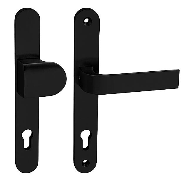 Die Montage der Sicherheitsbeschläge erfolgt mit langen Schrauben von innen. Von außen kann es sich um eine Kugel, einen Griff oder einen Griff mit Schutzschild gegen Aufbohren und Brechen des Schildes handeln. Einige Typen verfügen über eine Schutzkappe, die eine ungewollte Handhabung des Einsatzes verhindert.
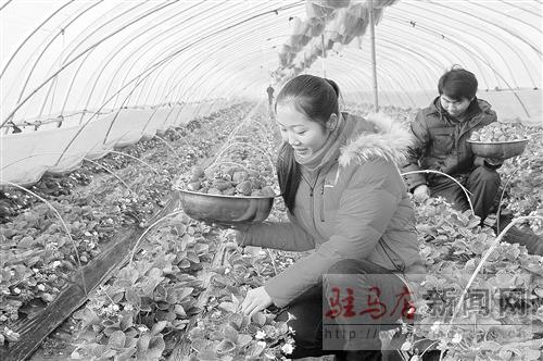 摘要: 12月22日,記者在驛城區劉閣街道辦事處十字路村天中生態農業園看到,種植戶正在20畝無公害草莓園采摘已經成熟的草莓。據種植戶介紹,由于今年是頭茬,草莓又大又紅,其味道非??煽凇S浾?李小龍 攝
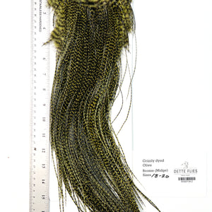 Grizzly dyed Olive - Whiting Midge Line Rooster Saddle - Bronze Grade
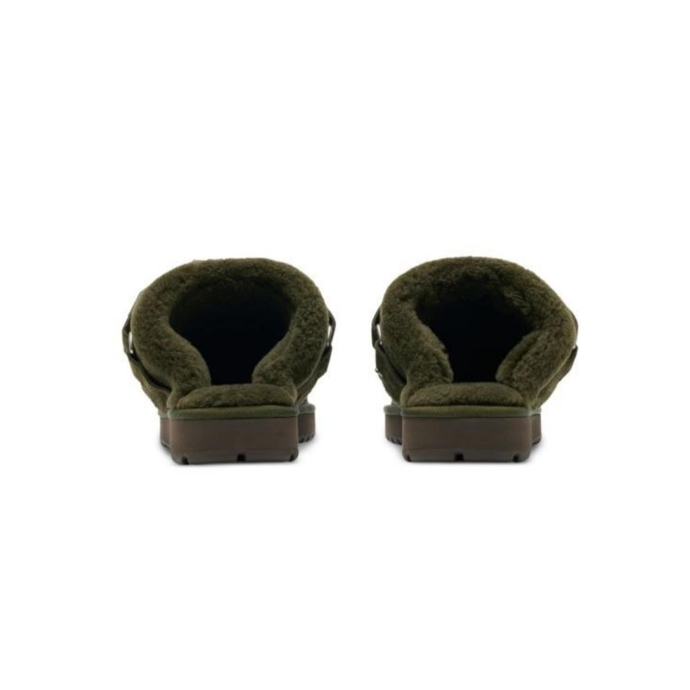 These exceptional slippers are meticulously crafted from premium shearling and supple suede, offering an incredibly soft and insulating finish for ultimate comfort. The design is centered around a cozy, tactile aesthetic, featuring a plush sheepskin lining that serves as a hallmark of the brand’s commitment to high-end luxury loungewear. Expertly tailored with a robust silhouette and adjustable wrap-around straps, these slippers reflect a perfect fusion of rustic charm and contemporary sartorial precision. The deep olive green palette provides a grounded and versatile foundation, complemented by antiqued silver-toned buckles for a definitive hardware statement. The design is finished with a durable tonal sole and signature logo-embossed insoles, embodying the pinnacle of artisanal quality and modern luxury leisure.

==

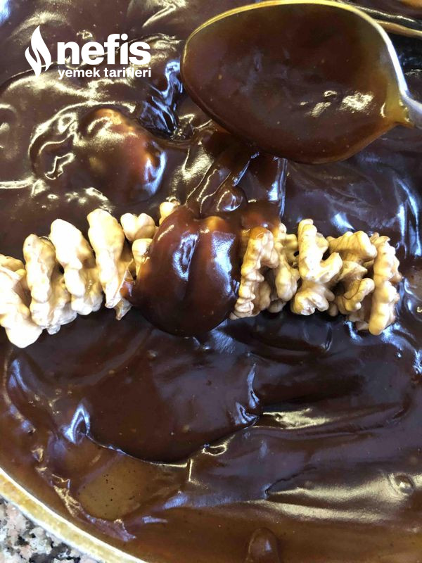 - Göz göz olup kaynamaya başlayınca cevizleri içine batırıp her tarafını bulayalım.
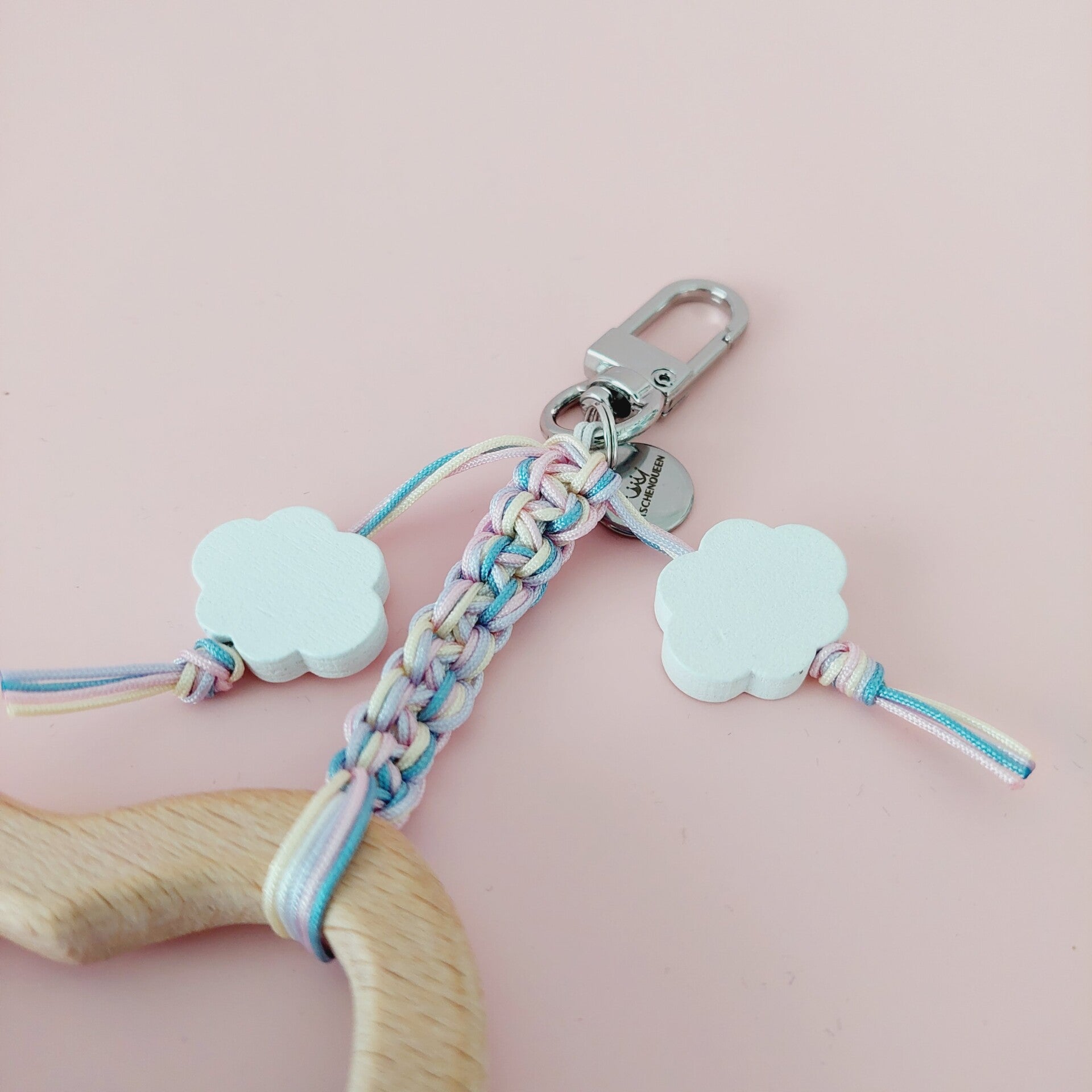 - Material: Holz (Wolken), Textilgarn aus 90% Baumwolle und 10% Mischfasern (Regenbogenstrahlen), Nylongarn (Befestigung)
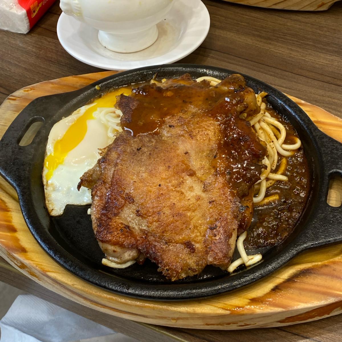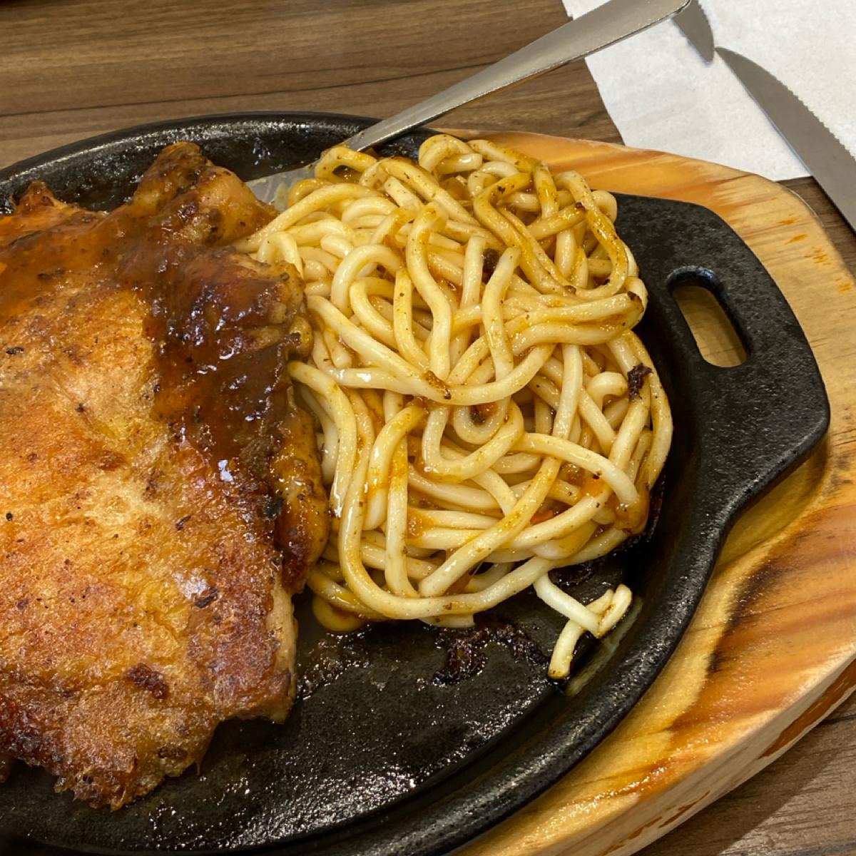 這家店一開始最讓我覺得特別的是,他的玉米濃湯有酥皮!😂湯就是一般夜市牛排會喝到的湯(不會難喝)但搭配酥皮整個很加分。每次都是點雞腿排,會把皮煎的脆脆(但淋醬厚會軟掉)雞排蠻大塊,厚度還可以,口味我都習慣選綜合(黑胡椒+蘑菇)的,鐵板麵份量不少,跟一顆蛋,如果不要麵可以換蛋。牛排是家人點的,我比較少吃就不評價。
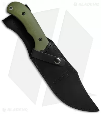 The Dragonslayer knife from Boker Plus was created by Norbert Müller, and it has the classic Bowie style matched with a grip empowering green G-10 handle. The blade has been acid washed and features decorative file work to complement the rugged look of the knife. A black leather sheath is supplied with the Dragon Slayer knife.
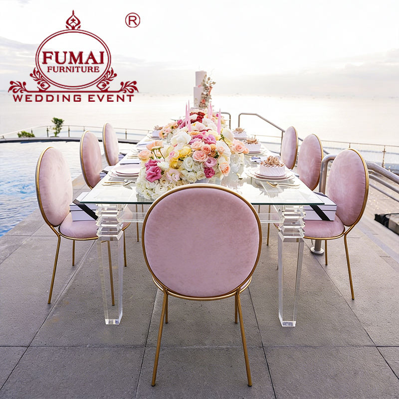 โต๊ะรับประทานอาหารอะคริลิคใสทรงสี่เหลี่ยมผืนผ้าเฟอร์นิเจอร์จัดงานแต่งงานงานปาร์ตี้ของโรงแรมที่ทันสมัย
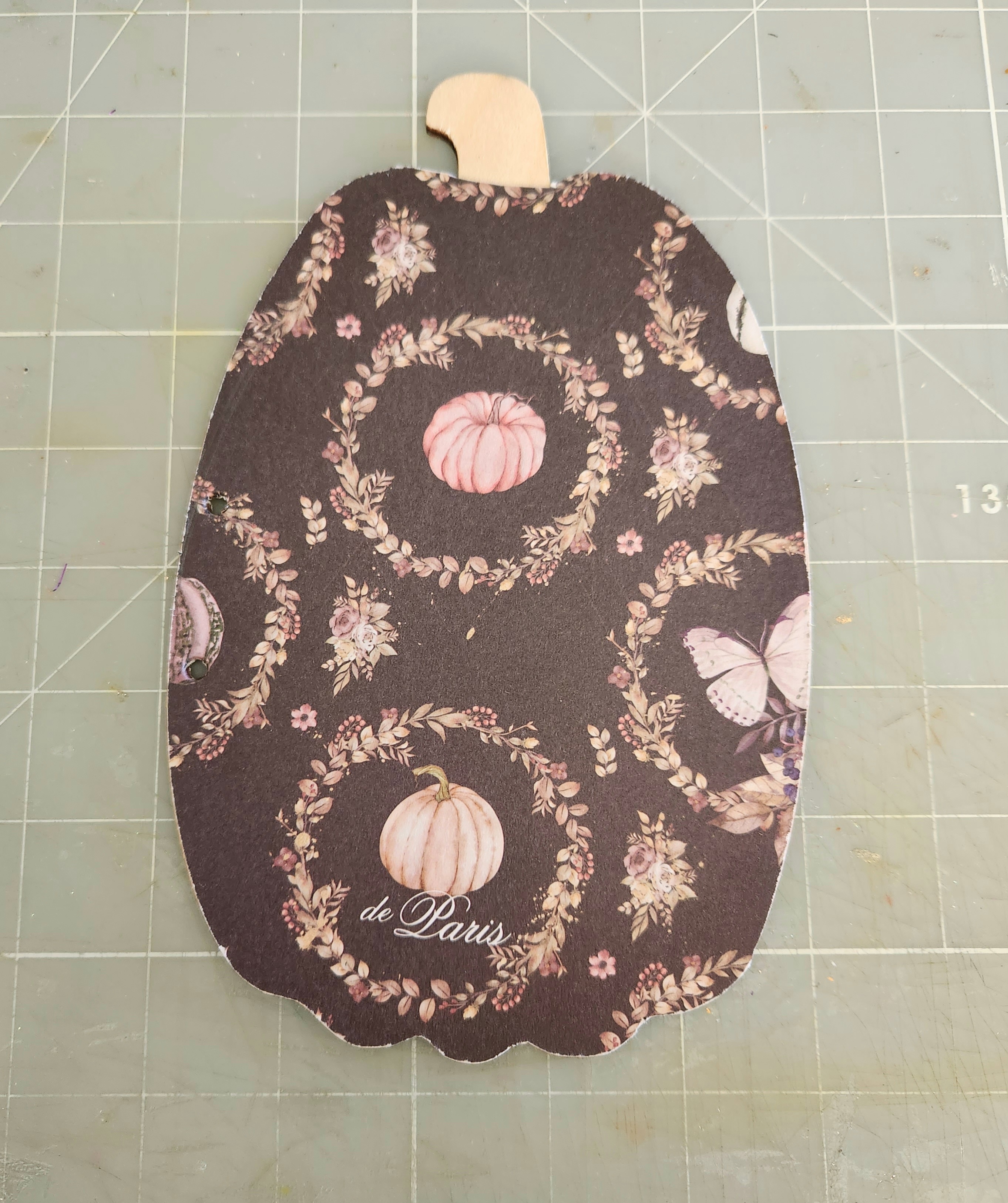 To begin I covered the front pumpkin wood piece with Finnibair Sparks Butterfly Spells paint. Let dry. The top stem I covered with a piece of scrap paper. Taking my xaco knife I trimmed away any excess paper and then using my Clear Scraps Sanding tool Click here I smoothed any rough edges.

* * *

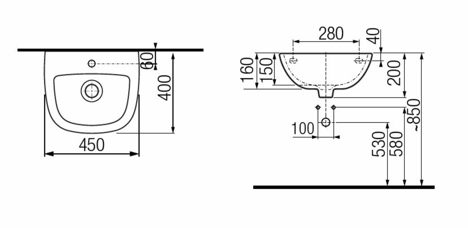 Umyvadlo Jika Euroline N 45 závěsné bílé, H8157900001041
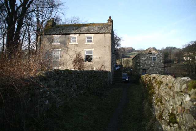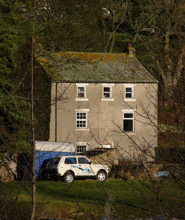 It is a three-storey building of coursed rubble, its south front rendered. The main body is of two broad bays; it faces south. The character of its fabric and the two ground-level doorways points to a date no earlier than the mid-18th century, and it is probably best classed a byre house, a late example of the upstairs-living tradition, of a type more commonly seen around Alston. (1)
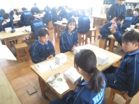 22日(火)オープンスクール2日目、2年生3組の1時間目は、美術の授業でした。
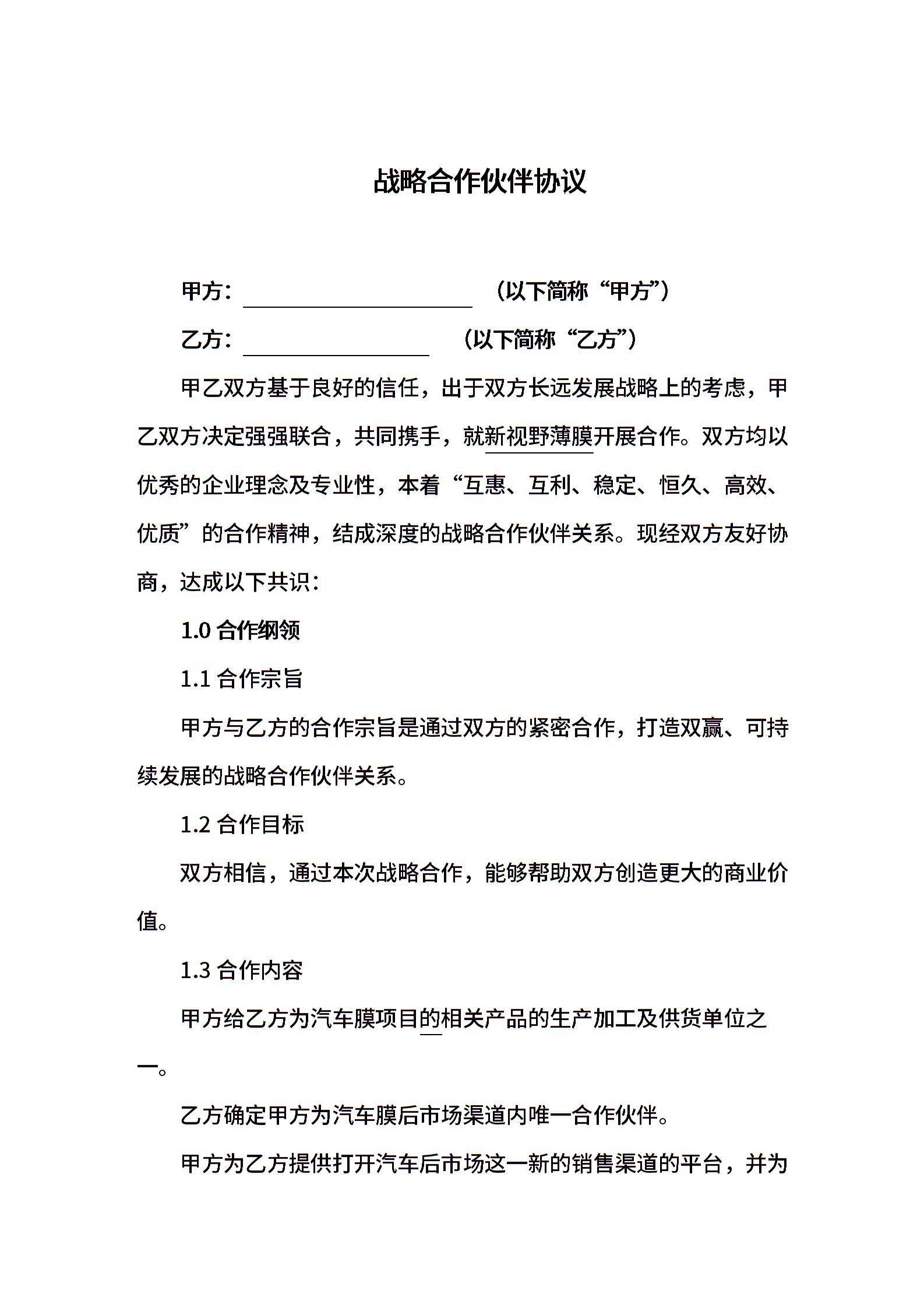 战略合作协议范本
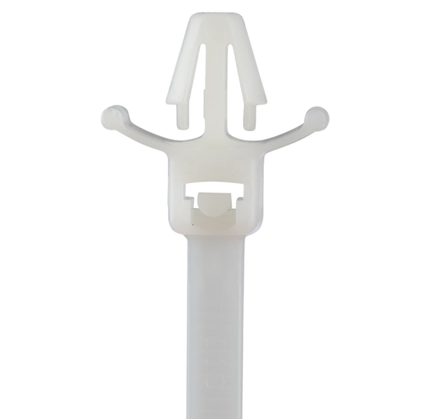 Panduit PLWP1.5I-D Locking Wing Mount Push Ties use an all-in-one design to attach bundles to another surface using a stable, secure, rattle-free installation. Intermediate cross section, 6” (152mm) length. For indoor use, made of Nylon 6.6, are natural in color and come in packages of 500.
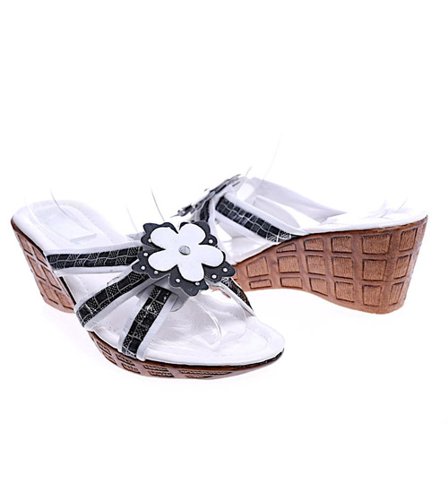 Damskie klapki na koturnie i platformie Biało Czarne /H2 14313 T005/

### [Work instruction]
The answer must be the lines above from the one containing "- Material: Holz" through the one containing "โต๊ะรับประทานอ", reproduced exactly, with no pictures and nothing else.

### [Result]
 - Material: Holz (Wolken), Textilgarn aus 90% Baumwolle und 10% Mischfasern (Regenbogenstrahlen), Nylongarn (Befestigung)
 這家店一開始最讓我覺得特別的是,他的玉米濃湯有酥皮!😂湯就是一般夜市牛排會喝到的湯(不會難喝)但搭配酥皮整個很加分。每次都是點雞腿排,會把皮煎的脆脆(但淋醬厚會軟掉)雞排蠻大塊,厚度還可以,口味我都習慣選綜合(黑胡椒+蘑菇)的,鐵板麵份量不少,跟一顆蛋,如果不要麵可以換蛋。牛排是家人點的,我比較少吃就不評價。
 The Dragonslayer knife from Boker Plus was created by Norbert Müller, and it has the classic Bowie style matched with a grip empowering green G-10 handle. The blade has been acid washed and features decorative file work to complement the rugged look of the knife. A black leather sheath is supplied with the Dragon Slayer knife.
 โต๊ะรับประทานอาหารอะคริลิคใสทรงสี่เหลี่ยมผืนผ้าเฟอร์นิเจอร์จัดงานแต่งงานงานปาร์ตี้ของโรงแรมที่ทันสมัย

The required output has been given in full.